** Exercise aim **
Could you retype, exactly as written, every line from the top of the records through the line that contains "This is a Proudly"?

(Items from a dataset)

== Segment start ==

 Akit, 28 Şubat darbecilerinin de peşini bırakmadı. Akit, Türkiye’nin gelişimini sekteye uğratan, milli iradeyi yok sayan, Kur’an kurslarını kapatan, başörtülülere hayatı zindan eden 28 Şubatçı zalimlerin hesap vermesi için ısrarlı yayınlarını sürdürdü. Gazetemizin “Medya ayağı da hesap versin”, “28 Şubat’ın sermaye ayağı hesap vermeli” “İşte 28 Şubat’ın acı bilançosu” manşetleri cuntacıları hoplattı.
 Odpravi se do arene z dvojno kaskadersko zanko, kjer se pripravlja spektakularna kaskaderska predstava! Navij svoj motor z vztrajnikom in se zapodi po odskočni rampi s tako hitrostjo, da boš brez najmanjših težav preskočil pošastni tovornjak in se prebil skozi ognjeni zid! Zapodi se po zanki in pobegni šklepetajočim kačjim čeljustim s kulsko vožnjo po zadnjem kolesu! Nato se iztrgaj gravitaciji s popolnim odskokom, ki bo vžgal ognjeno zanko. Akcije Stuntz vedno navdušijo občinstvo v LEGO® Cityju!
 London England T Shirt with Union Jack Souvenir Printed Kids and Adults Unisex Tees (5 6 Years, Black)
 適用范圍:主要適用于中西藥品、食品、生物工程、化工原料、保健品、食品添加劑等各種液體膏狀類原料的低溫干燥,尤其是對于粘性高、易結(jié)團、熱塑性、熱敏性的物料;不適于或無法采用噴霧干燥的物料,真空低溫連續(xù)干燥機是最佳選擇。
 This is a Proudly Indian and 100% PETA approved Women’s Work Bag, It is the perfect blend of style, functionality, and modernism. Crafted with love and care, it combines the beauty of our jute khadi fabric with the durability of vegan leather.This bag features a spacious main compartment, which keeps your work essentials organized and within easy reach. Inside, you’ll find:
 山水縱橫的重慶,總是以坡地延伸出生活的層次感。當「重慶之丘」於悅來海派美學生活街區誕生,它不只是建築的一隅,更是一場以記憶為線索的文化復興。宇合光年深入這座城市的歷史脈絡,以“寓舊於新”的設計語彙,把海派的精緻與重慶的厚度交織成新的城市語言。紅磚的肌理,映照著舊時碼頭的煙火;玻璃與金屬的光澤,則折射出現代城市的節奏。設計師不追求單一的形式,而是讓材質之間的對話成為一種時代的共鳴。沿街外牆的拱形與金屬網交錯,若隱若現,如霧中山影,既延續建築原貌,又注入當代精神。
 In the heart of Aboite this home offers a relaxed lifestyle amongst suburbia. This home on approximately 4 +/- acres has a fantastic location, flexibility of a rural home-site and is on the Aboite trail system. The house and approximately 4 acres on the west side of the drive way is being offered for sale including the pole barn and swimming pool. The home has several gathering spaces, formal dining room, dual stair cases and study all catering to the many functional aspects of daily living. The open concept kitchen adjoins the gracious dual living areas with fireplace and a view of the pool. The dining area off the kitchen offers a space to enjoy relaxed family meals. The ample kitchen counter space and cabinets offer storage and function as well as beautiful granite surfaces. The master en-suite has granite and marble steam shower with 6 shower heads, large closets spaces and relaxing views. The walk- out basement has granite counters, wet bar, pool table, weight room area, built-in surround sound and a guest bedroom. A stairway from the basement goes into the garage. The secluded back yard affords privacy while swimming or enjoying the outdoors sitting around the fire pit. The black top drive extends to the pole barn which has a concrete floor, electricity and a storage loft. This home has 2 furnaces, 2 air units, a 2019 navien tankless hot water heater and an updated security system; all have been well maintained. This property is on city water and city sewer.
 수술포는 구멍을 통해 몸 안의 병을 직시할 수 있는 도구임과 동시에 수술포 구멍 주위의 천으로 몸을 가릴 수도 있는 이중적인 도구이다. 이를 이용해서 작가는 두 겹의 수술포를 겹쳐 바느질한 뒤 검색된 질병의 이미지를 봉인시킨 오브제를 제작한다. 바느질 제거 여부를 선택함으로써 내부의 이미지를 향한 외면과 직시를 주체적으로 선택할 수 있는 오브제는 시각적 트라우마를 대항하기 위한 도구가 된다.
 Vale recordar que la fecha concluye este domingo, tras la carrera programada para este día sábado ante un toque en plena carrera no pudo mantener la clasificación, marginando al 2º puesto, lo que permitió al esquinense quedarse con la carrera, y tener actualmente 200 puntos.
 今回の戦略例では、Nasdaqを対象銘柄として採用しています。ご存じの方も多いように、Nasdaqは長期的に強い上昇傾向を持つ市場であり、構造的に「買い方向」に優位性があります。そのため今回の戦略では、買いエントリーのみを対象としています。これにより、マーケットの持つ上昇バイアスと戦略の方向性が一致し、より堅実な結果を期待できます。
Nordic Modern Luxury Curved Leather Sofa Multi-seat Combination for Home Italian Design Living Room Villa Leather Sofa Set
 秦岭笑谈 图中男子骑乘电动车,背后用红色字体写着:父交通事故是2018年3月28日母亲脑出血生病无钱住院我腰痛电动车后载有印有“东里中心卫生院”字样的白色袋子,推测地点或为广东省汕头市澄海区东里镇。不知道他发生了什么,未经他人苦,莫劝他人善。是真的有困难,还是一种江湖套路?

== Segment end ==

** Written solution **
 Akit, 28 Şubat darbecilerinin de peşini bırakmadı. Akit, Türkiye’nin gelişimini sekteye uğratan, milli iradeyi yok sayan, Kur’an kurslarını kapatan, başörtülülere hayatı zindan eden 28 Şubatçı zalimlerin hesap vermesi için ısrarlı yayınlarını sürdürdü. Gazetemizin “Medya ayağı da hesap versin”, “28 Şubat’ın sermaye ayağı hesap vermeli” “İşte 28 Şubat’ın acı bilançosu” manşetleri cuntacıları hoplattı.
 Odpravi se do arene z dvojno kaskadersko zanko, kjer se pripravlja spektakularna kaskaderska predstava! Navij svoj motor z vztrajnikom in se zapodi po odskočni rampi s tako hitrostjo, da boš brez najmanjših težav preskočil pošastni tovornjak in se prebil skozi ognjeni zid! Zapodi se po zanki in pobegni šklepetajočim kačjim čeljustim s kulsko vožnjo po zadnjem kolesu! Nato se iztrgaj gravitaciji s popolnim odskokom, ki bo vžgal ognjeno zanko. Akcije Stuntz vedno navdušijo občinstvo v LEGO® Cityju!
 London England T Shirt with Union Jack Souvenir Printed Kids and Adults Unisex Tees (5 6 Years, Black)
 適用范圍:主要適用于中西藥品、食品、生物工程、化工原料、保健品、食品添加劑等各種液體膏狀類原料的低溫干燥,尤其是對于粘性高、易結(jié)團、熱塑性、熱敏性的物料;不適于或無法采用噴霧干燥的物料,真空低溫連續(xù)干燥機是最佳選擇。
 This is a Proudly Indian and 100% PETA approved Women’s Work Bag, It is the perfect blend of style, functionality, and modernism. Crafted with love and care, it combines the beauty of our jute khadi fabric with the durability of vegan leather.This bag features a spacious main compartment, which keeps your work essentials organized and within easy reach. Inside, you’ll find:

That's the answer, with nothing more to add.